THE TENDER OFFER MATERIALS (INCLUDING AN OFFER TO PURCHASE, A RELATED LETTER OF TRANSMITTAL AND CERTAIN OTHER TENDER OFFER DOCUMENTS) AND THE SOLICITATION/RECOMMENDATION STATEMENT ON SCHEDULE 14D-9 WILL CONTAIN IMPORTANT INFORMATION. SYNTHORX STOCKHOLDERS ARE URGED TO READ THESE DOCUMENTS CAREFULLY WHEN THEY BECOME AVAILABLE (AS EACH MAY BE AMENDED OR SUPPLEMENTED FROM TIME TO TIME) BECAUSE THEY WILL CONTAIN IMPORTANT INFORMATION THAT HOLDERS OF SYNTHORX SECURITIES SHOULD CONSIDER BEFORE MAKING ANY DECISION REGARDING TENDERING THEIR SECURITIES.

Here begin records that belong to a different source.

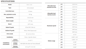 Cuenta con muñeca con protección IP67 y cuerpo del robot con protección IP54, lo que permite su operación en entornos industriales exigentes. Utiliza servomotores AC y admite instalación en piso e invertida (upside-down), facilitando su integración en distintas configuraciones de automatización industrial.
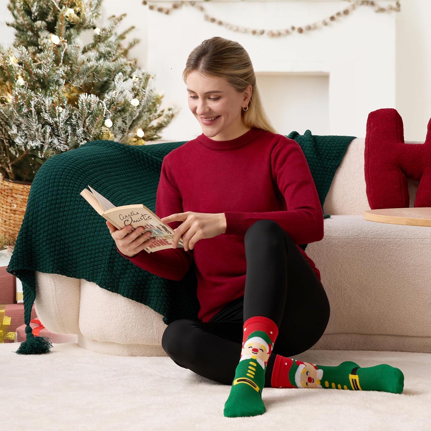 JOYIN 12 Pairs Christmas Socks, Christmas Crew Socks for Women, Holiday or Birthday Gift(Green Mix)
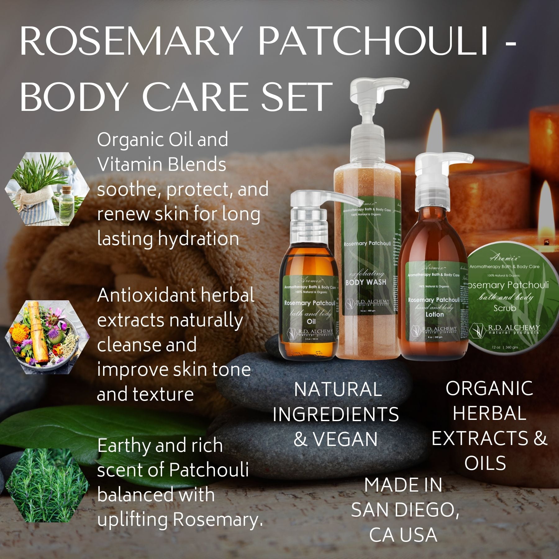 Slow down, take a breath and ease into your day or unwind into your night. Let the rich, earthy and grounding notes of woodsy Patchouli combined with herbaceous Rosemary aromatherapy essential oils leave you smelling fresh and feeling balanced and focused with this luxurious set.Experience the freshness as you gently cleanse with our Sulfate free Body Wash, exfoliate, dry, dull skin with our ultra-rich sea salt and oil Body Scrub, moisturizing Body Oil or creamy, yet lightweight Body Lotion.Make your daily beauty routine a truly luxurious, organic experience with natural aromatherapy rich bath and body care.
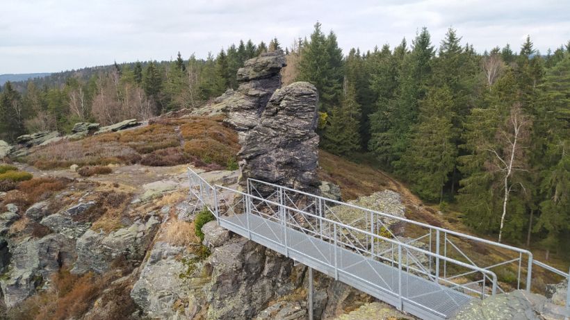 Když se před vámi tento skalní útvar vyloupne, první co vás napadne, že je to hrad. Zvětráváním skal stěny totiž rozpukaly a vytvořily hradby a věže, což doopravdy tvarem připomíná zříceninu hradu. Na nejvýraznějším skalním bloku (773,6 m) je umístěna půlkruhová vyhlídková plošina, ze které za dobrého počasí vidíte až do Německa. Jako celek je Vysoký kámen chráněná přírodní památka.
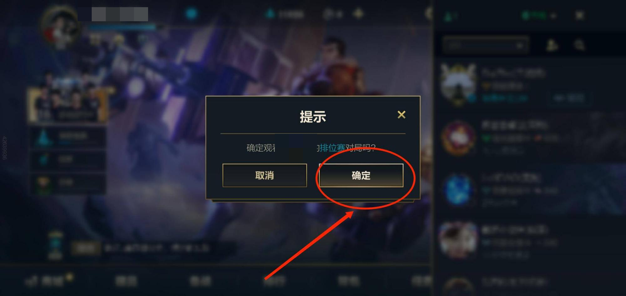 首先,玩家需先进入游戏,找到游戏主界面右侧的好友列表并点击;接着在列表里选中想要观战的好友,点击该好友右侧的【观战】按钮;之后在弹出的页面中点击【确认】,进入游戏对局的加载界面;等加载完成后,就能观看好友的这场比赛了。
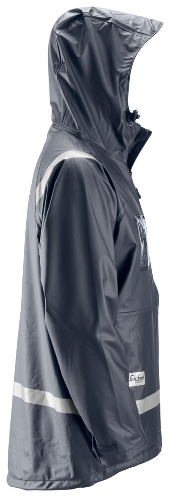 Versla de regen. Draag deze volledig waterdichte PU-gecoate regenjack met gelaste naden voor een 100% droge werkdag. Gemaakt van een soepele en rekbare stof voor superieur comfort. Voldoet aan EN 343.

The Offer to Purchase, the related Letter of Transmittal and certain other offer documents, as well as the Solicitation/Recommendation Statement, will be made available to all stockholders of Synthorx at no expense to them. The Tender Offer Statement and the Solicitation/Recommendation Statement will be available free of charge at the SEC’s web site, http://www.sec.gov, or under the “Investors & Media” section of Synthorx’s website, www.synthorx.com. Free copies of these materials and certain other offering documents will be sent to Synthorx’s stockholders by the information agent for the tender offer.

Additional Information

In addition to the Solicitation/Recommendation Statement, Synthorx files annual, quarterly and current reports, proxy statements and other information with the SEC. You may read and copy any reports, statements or other information filed by Synthorx at the SEC public reference room at 100 F Street, N.E., Washington, D.C. 20549. Please call the SEC at 1-800-SEC-0330 for further information on the public reference room. Synthorx’s filings with the SEC are also available to the public from commercial document-retrieval services and the SEC’s website at http://www.sec.gov.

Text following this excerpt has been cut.